*** Opening Material to process ***

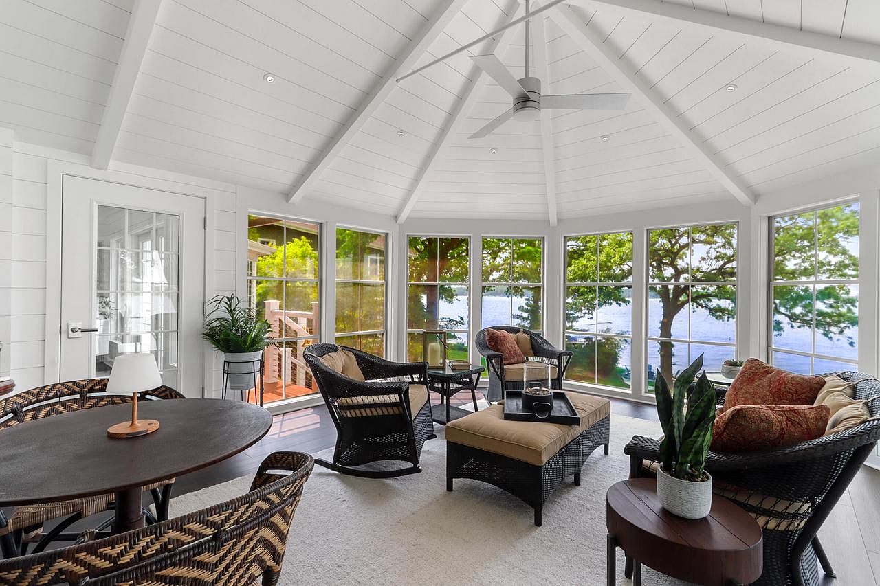 A spacious sunroom designed for relaxation and family gatherings, featuring abundant natural light from wraparound floor-to-ceiling windows that offer picturesque views of the surrounding greenery and water. The vaulted white ceiling with exposed beams and a modern ceiling fan adds open, airy elegance. Cozy wicker seating with plush cushions and a neutral area rug provide a welcoming, comfy atmosphere for both adults and children. A round dining table and leafy houseplants add to the inviting feel, while durable materials and smooth surfaces make the space perfect for children to play or families to unwind together.
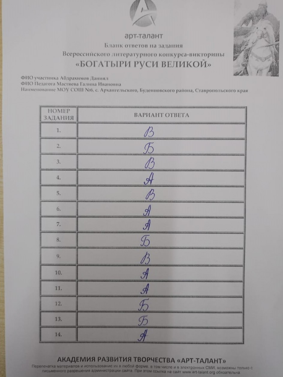 Абдрахимов Даниял, МОУ СОШ №6 с. Архангельского
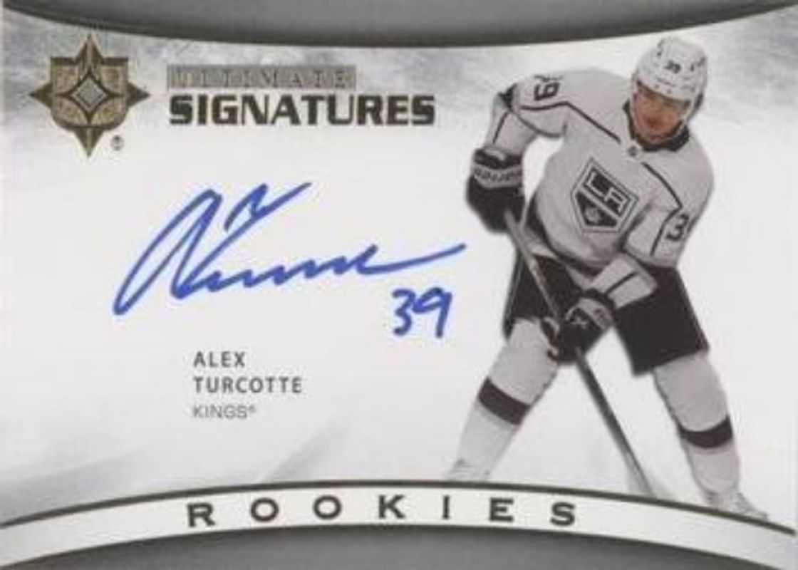 The Alex Turcotte 2021 Upper Deck Ultimate Collection #USR-AT Ultimate Signatures Rookies card is 1 of 38 Alex Turcotte's card variations in the 2021 Upper Deck Ultimate Collection set being tracked by Sports Card Investor, including Base /299, 2000 Ultimate Signatures Retro, 2000 Ultimate Signatures Retro Rookies, Signatures Masterpieces, and Ultimate Emblems - Auto.
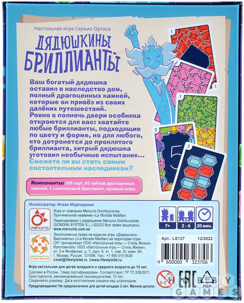 Весь следующий раунд обладатель проклятого бриллианта обязан выполнять задание, которое написано в карте проклятий. По итогам 5 раундов участники игры подсчитывают очки и объявляют победителя в этой гонке драгоценностей. Игра подходит для всех возрастов, не требует долгой подготовки, является хорошей разминкой для ума и тела.
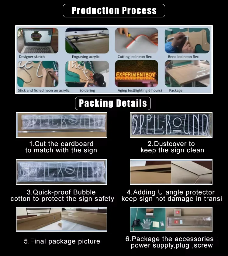 match with the sign size 4.Add Protector to stick with cardboard and make heaven and earth cover packing box 5.Put Neon sign and
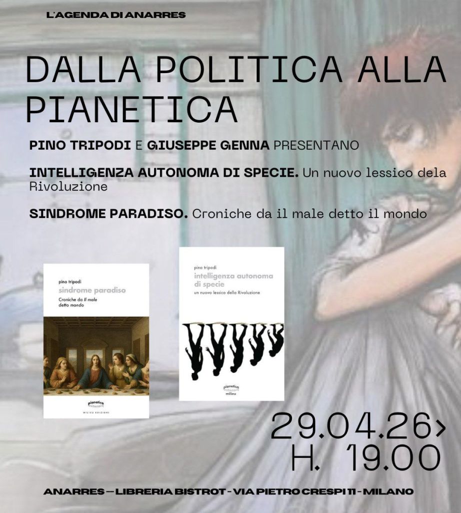 Milano, mercoledì 29 aprile alle ore 19, libreria Anarres in via Pietro Crespi 11: il sottoscritto presenta il saggio Intelligenza autonoma di specie [me ne sono occupato qui, ndr] e la narrazione extracanone Sindrome Paradiso, due testi eterodossi usciti in contemporanea per i tipi delle edizioni Milieu.
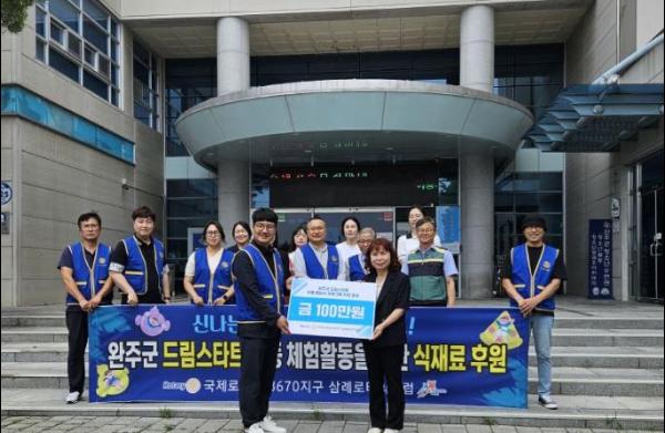 완주군 삼례로타리클럽이 드림스타트 대상 아동들의 물놀이 체험을 위해 후원금 100만 원을 전달했다.
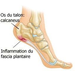 Symptômes Typiquement, le pire moment de la journée sera les premiers pas en sortant du lit ou après avoir été assis durant un certain temps. La douleur est habituellement vive et se situe sous le talon ainsi que le long de l’arche plantaire; elle est souvent moindre durant la course à pied, une fois les structures réchauffées.
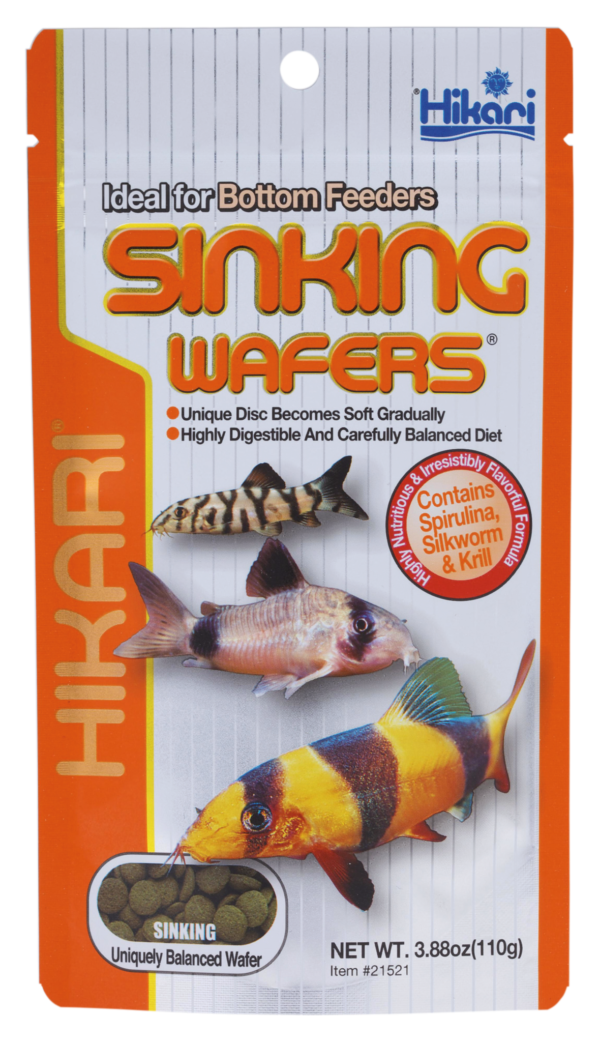 Hikari Sinking Wafers zijn smakelijke aromatische schijfjes, zacht en klein in diameter en ideaal voor kleinere bodemvissen zoals Corydoras, Botia en modderkruipers. Sinking Wafers zijn makkelijk te eten en goed verteerbaar, en ondersteunen het immuunsysteem.
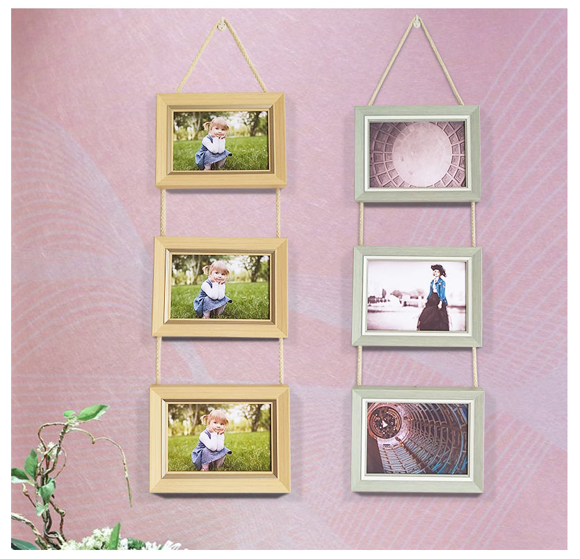 6 인치 7 인치 8 인치 포토 프레임 벽에 걸려있는 천공되지 않은 대마 로프 교수형 사진 프레임 유럽식 트리플 사진 Zhao Zhizhou
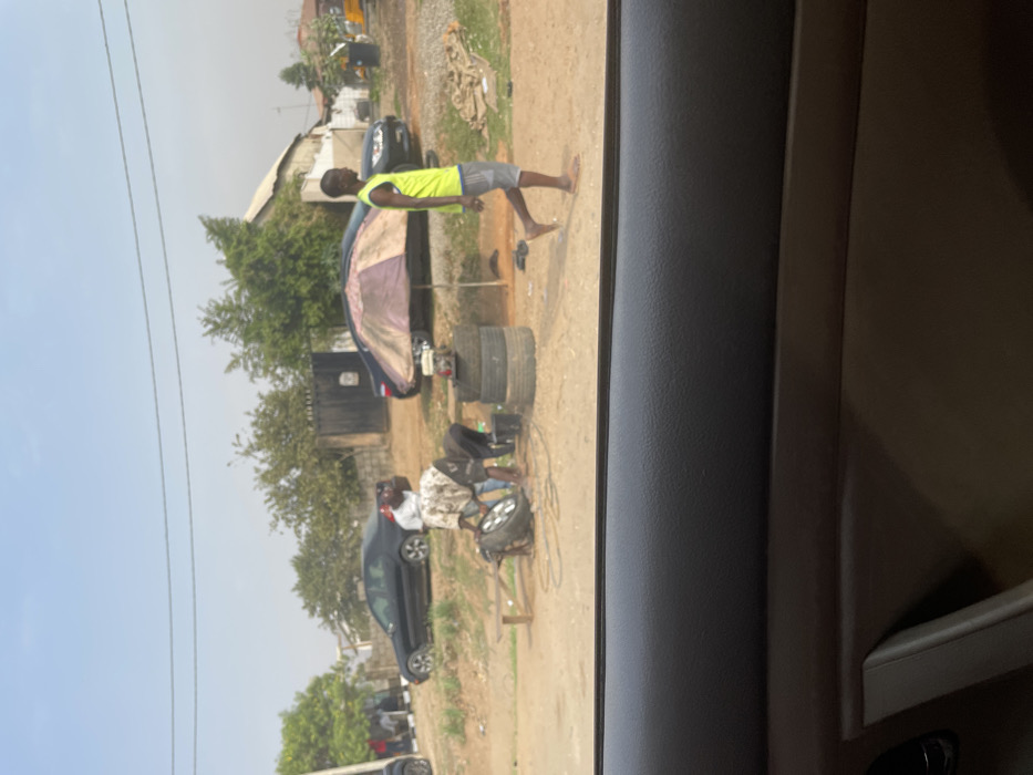 The image depicts an outdoor tire repair or service area in Kagini, Nigeria. The foreground is partially obscured by the dark brown interior door panel of a vehicle, from which the photograph was taken. In the mid-ground, two male individuals are actively engaged in working on a tire positioned on the unpaved, light brown earth. One man, wearing a patterned shirt and dark shorts, is bending over the tire. Another man, in dark attire, is positioned near him, also attending to the task. Adjacent to their workspace, a stack of three black tires serves as a base for a small, red-and-white gasoline-powered engine or generator. A faded, multi-colored umbrella (purple and tan) is erected over this equipment, providing shade. An air hose or cable extends from the immediate work area to the left. To the right of the working individuals, a young male wearing a bright yellow sleeveless shirt and grey shorts walks barefoot or in light flip-flops from left to right across the dusty ground. In the background, several dark-colored sedans are parked on slightly elevated, unpaved terrain. A black sedan is visible on the left, with additional indistinct figures gathered near it. Another dark sedan is partially visible behind the umbrella. Further in the background, a low-rise building with a light-colored roof and a darker building with a substantial dark gate are present. Green trees and sparse vegetation punctuate the scene, and utility wires are visible against a clear, light blue sky. A small yellow vehicle, possibly a tricycle, is faintly discernible in the far right background. The overall environment suggests an informal commercial setting under natural daylight.
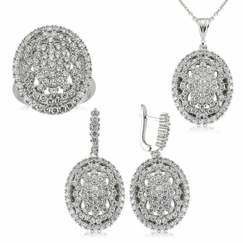 Gündelik hayatta ve özel günler de tercih edebileceğiniz ışıl ışıl taşları ile yıldızları anımsatan bu seti severek kullanacaksınız. Şık bir görünüm yakalamak isteyen tüm bayanlara hitap eden, modası geçmeyecek olan gümüş set sizleri bekliyor.Gümüş Beyaz Taşlı Bayan Seti; doğum günü hediyesi, sevgililer günü hediyesi veya annelere hediye olarak özel günlerde tercih edilebilecek mükemmel bir seçenektir. Gümüş beyaz taşlı bayan Set 925 ayar gümüşten imal edilmiştir. Gümüş üzerine rodyum kaplama yapılmıştır. Rodyum kaplama yapılan gümüş beyaz taşlı bayan set parlaklığını uzun süre muhafaza eder ve oksitlenmesi gecikir. Gümüş olan zincir boyu ortalama 45 cm'dir. Tüm bayan set modellerinde olduğu gibi gümüş beyaz taşlı bayan set modeli de el emeği ile üretilmiştir. Gümüş ve değerli taşlar nedeniyle belirtilen ortalama ürün ağırlığında ± %10 sapma olabilmektedir.

*** Closing Material to process ***

## Exercise
Reproduce the data in full. Do not carry over any picture.

## Answer to this task
 A spacious sunroom designed for relaxation and family gatherings, featuring abundant natural light from wraparound floor-to-ceiling windows that offer picturesque views of the surrounding greenery and water. The vaulted white ceiling with exposed beams and a modern ceiling fan adds open, airy elegance. Cozy wicker seating with plush cushions and a neutral area rug provide a welcoming, comfy atmosphere for both adults and children. A round dining table and leafy houseplants add to the inviting feel, while durable materials and smooth surfaces make the space perfect for children to play or families to unwind together.
 Абдрахимов Даниял, МОУ СОШ №6 с. Архангельского
 The Alex Turcotte 2021 Upper Deck Ultimate Collection #USR-AT Ultimate Signatures Rookies card is 1 of 38 Alex Turcotte's card variations in the 2021 Upper Deck Ultimate Collection set being tracked by Sports Card Investor, including Base /299, 2000 Ultimate Signatures Retro, 2000 Ultimate Signatures Retro Rookies, Signatures Masterpieces, and Ultimate Emblems - Auto.
 Весь следующий раунд обладатель проклятого бриллианта обязан выполнять задание, которое написано в карте проклятий. По итогам 5 раундов участники игры подсчитывают очки и объявляют победителя в этой гонке драгоценностей. Игра подходит для всех возрастов, не требует долгой подготовки, является хорошей разминкой для ума и тела.
 match with the sign size 4.Add Protector to stick with cardboard and make heaven and earth cover packing box 5.Put Neon sign and
 Milano, mercoledì 29 aprile alle ore 19, libreria Anarres in via Pietro Crespi 11: il sottoscritto presenta il saggio Intelligenza autonoma di specie [me ne sono occupato qui, ndr] e la narrazione extracanone Sindrome Paradiso, due testi eterodossi usciti in contemporanea per i tipi delle edizioni Milieu.
 완주군 삼례로타리클럽이 드림스타트 대상 아동들의 물놀이 체험을 위해 후원금 100만 원을 전달했다.
 Symptômes Typiquement, le pire moment de la journée sera les premiers pas en sortant du lit ou après avoir été assis durant un certain temps. La douleur est habituellement vive et se situe sous le talon ainsi que le long de l’arche plantaire; elle est souvent moindre durant la course à pied, une fois les structures réchauffées.
 Hikari Sinking Wafers zijn smakelijke aromatische schijfjes, zacht en klein in diameter en ideaal voor kleinere bodemvissen zoals Corydoras, Botia en modderkruipers. Sinking Wafers zijn makkelijk te eten en goed verteerbaar, en ondersteunen het immuunsysteem.
 6 인치 7 인치 8 인치 포토 프레임 벽에 걸려있는 천공되지 않은 대마 로프 교수형 사진 프레임 유럽식 트리플 사진 Zhao Zhizhou
 The image depicts an outdoor tire repair or service area in Kagini, Nigeria. The foreground is partially obscured by the dark brown interior door panel of a vehicle, from which the photograph was taken. In the mid-ground, two male individuals are actively engaged in working on a tire positioned on the unpaved, light brown earth. One man, wearing a patterned shirt and dark shorts, is bending over the tire. Another man, in dark attire, is positioned near him, also attending to the task. Adjacent to their workspace, a stack of three black tires serves as a base for a small, red-and-white gasoline-powered engine or generator. A faded, multi-colored umbrella (purple and tan) is erected over this equipment, providing shade. An air hose or cable extends from the immediate work area to the left. To the right of the working individuals, a young male wearing a bright yellow sleeveless shirt and grey shorts walks barefoot or in light flip-flops from left to right across the dusty ground. In the background, several dark-colored sedans are parked on slightly elevated, unpaved terrain. A black sedan is visible on the left, with additional indistinct figures gathered near it. Another dark sedan is partially visible behind the umbrella. Further in the background, a low-rise building with a light-colored roof and a darker building with a substantial dark gate are present. Green trees and sparse vegetation punctuate the scene, and utility wires are visible against a clear, light blue sky. A small yellow vehicle, possibly a tricycle, is faintly discernible in the far right background. The overall environment suggests an informal commercial setting under natural daylight.
 Gündelik hayatta ve özel günler de tercih edebileceğiniz ışıl ışıl taşları ile yıldızları anımsatan bu seti severek kullanacaksınız. Şık bir görünüm yakalamak isteyen tüm bayanlara hitap eden, modası geçmeyecek olan gümüş set sizleri bekliyor.Gümüş Beyaz Taşlı Bayan Seti; doğum günü hediyesi, sevgililer günü hediyesi veya annelere hediye olarak özel günlerde tercih edilebilecek mükemmel bir seçenektir. Gümüş beyaz taşlı bayan Set 925 ayar gümüşten imal edilmiştir. Gümüş üzerine rodyum kaplama yapılmıştır. Rodyum kaplama yapılan gümüş beyaz taşlı bayan set parlaklığını uzun süre muhafaza eder ve oksitlenmesi gecikir. Gümüş olan zincir boyu ortalama 45 cm'dir. Tüm bayan set modellerinde olduğu gibi gümüş beyaz taşlı bayan set modeli de el emeği ile üretilmiştir. Gümüş ve değerli taşlar nedeniyle belirtilen ortalama ürün ağırlığında ± %10 sapma olabilmektedir.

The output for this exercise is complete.